_The problem_
Produce exactly the lines from the one holding "dim - 23x35" through the last line of the data below, with every picture left out.

Start of Provided material

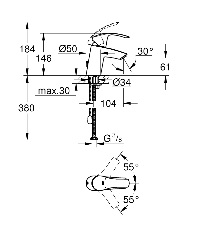 Grohe Eurosmart egykaros mosdócsaptelep behúzható lánc, S méret 33188002Grohe
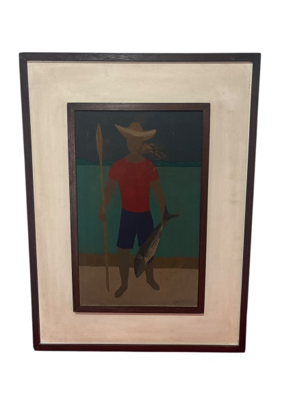 • Djanira da Motta e Silva (Avaré, São Paulo, 1914 - Rio de Janeiro, Rio de Janeiro, 1979), `Pescador `. Serigrafia colorida sobre papel. Assinada  , fundo de eucatex, não autenticado- dim - 23x35
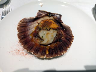 | 写真(上および1段目)はゲタリアの炭火焼き 発泡酒チャコリ(txakoli)(写真2段目左) スペイン北部、ピレネー山脈の西に位置するバスク州で造られるチャコリは、アルコール度数が低く、フレッシュで爽やかな酸味とミネラル感が特徴のワインです。 チャコリは白ワインが多く造られていますが、実は赤とロゼも造られています。さらに、フレッシュさを楽しむために炭酸ガスを残して瓶詰めした微発泡タイプと、非発泡のスティルタイプの2種類があります。一般的に知られているのは微発泡のフレッシュタイプのチャコリで、10月末~11月に収穫されたブドウが、その年の12月~翌年の1月にはワインとなってワイナリーからリリースされます。アルコール度数が低く、フレッシュで爽やかな風味を収穫から1年ぐらいまでに楽しむのがおすすめです。 リオハワイン(rioja)(写真2段目右) リオハの名前の由来はエブロ河の支流オハ川(リオ・オハ)です。この辺りでは古代ローマ人が支配する前の時代からワイン造りが始まっていて大変古い歴史があります。しかし産業としてワイン造りが発達したのは19世紀末のことです。1850~60年代にフランスで発生したフィロキセラ(ブドウ害虫)禍期に、とくに被害のひどかったフランスのボルドー地方から多くの生産者や業者がリオハに流入しました。スペイン貴族たちとボルドーに交流があったことや、リオハがボルドーと地理的に比較的近かったことが背景にあります。 ホタテのガリシア風オーブン焼き(Vieras a la Gallega)(写真3段目左) ホタテを開き、その中にあるウロ(中腸腺)を取り除き、洗って砂を落とします。同時に玉ネギとニンニクの皮をむいて細かく刻み、オリーブオイルをひいたフライパンで炒めます。続いてスイートパプリカとワインを加えます。少し小さくなったら、炒めたトマトを入れて味付けします。最後に、貝に入ったホタテをオーブンに入れて焼き、炒め物を上に載せ、パンくずとパセリをまぶします。オリーブオイルをまぶして、できあがりです。 プルポ・ア・フェイラ(タコのパプリカがけ) (Pulpo a Feira) (写真3段目右) ガリシア地方の伝統的な料理である「プルポ・ア・フェイラ」は、柔らかく茹でたタコをシンプルな調味料で味付けし、オリーブオイルとパプリカを添えて提供する一品です。 ポルボ・ア・フェイラは伝統的にパンや薄くスライスした茹でジャガイモ (ガリシア語: cachelos) とともに木の皿で供される。伝統では、タコを食べるときに水を飲んではいけないことになっているため、この料理はガリシア産赤ワインの若いものと食べるのが一般的である。また、地域によっては衛生上の理由から伝統的な木の皿が見られなくなっていたり、玉ねぎとピーマンのみじん切りを炒めたものを添えるなどレシピに多少の変化があったりすることもある。 バルの小料理 パラドールのディナー |

End of Provided material

_Written response_
 • Djanira da Motta e Silva (Avaré, São Paulo, 1914 - Rio de Janeiro, Rio de Janeiro, 1979), `Pescador `. Serigrafia colorida sobre papel. Assinada  , fundo de eucatex, não autenticado- dim - 23x35
 | 写真(上および1段目)はゲタリアの炭火焼き 発泡酒チャコリ(txakoli)(写真2段目左) スペイン北部、ピレネー山脈の西に位置するバスク州で造られるチャコリは、アルコール度数が低く、フレッシュで爽やかな酸味とミネラル感が特徴のワインです。 チャコリは白ワインが多く造られていますが、実は赤とロゼも造られています。さらに、フレッシュさを楽しむために炭酸ガスを残して瓶詰めした微発泡タイプと、非発泡のスティルタイプの2種類があります。一般的に知られているのは微発泡のフレッシュタイプのチャコリで、10月末~11月に収穫されたブドウが、その年の12月~翌年の1月にはワインとなってワイナリーからリリースされます。アルコール度数が低く、フレッシュで爽やかな風味を収穫から1年ぐらいまでに楽しむのがおすすめです。 リオハワイン(rioja)(写真2段目右) リオハの名前の由来はエブロ河の支流オハ川(リオ・オハ)です。この辺りでは古代ローマ人が支配する前の時代からワイン造りが始まっていて大変古い歴史があります。しかし産業としてワイン造りが発達したのは19世紀末のことです。1850~60年代にフランスで発生したフィロキセラ(ブドウ害虫)禍期に、とくに被害のひどかったフランスのボルドー地方から多くの生産者や業者がリオハに流入しました。スペイン貴族たちとボルドーに交流があったことや、リオハがボルドーと地理的に比較的近かったことが背景にあります。 ホタテのガリシア風オーブン焼き(Vieras a la Gallega)(写真3段目左) ホタテを開き、その中にあるウロ(中腸腺)を取り除き、洗って砂を落とします。同時に玉ネギとニンニクの皮をむいて細かく刻み、オリーブオイルをひいたフライパンで炒めます。続いてスイートパプリカとワインを加えます。少し小さくなったら、炒めたトマトを入れて味付けします。最後に、貝に入ったホタテをオーブンに入れて焼き、炒め物を上に載せ、パンくずとパセリをまぶします。オリーブオイルをまぶして、できあがりです。 プルポ・ア・フェイラ(タコのパプリカがけ) (Pulpo a Feira) (写真3段目右) ガリシア地方の伝統的な料理である「プルポ・ア・フェイラ」は、柔らかく茹でたタコをシンプルな調味料で味付けし、オリーブオイルとパプリカを添えて提供する一品です。 ポルボ・ア・フェイラは伝統的にパンや薄くスライスした茹でジャガイモ (ガリシア語: cachelos) とともに木の皿で供される。伝統では、タコを食べるときに水を飲んではいけないことになっているため、この料理はガリシア産赤ワインの若いものと食べるのが一般的である。また、地域によっては衛生上の理由から伝統的な木の皿が見られなくなっていたり、玉ねぎとピーマンのみじん切りを炒めたものを添えるなどレシピに多少の変化があったりすることもある。 バルの小料理 パラドールのディナー |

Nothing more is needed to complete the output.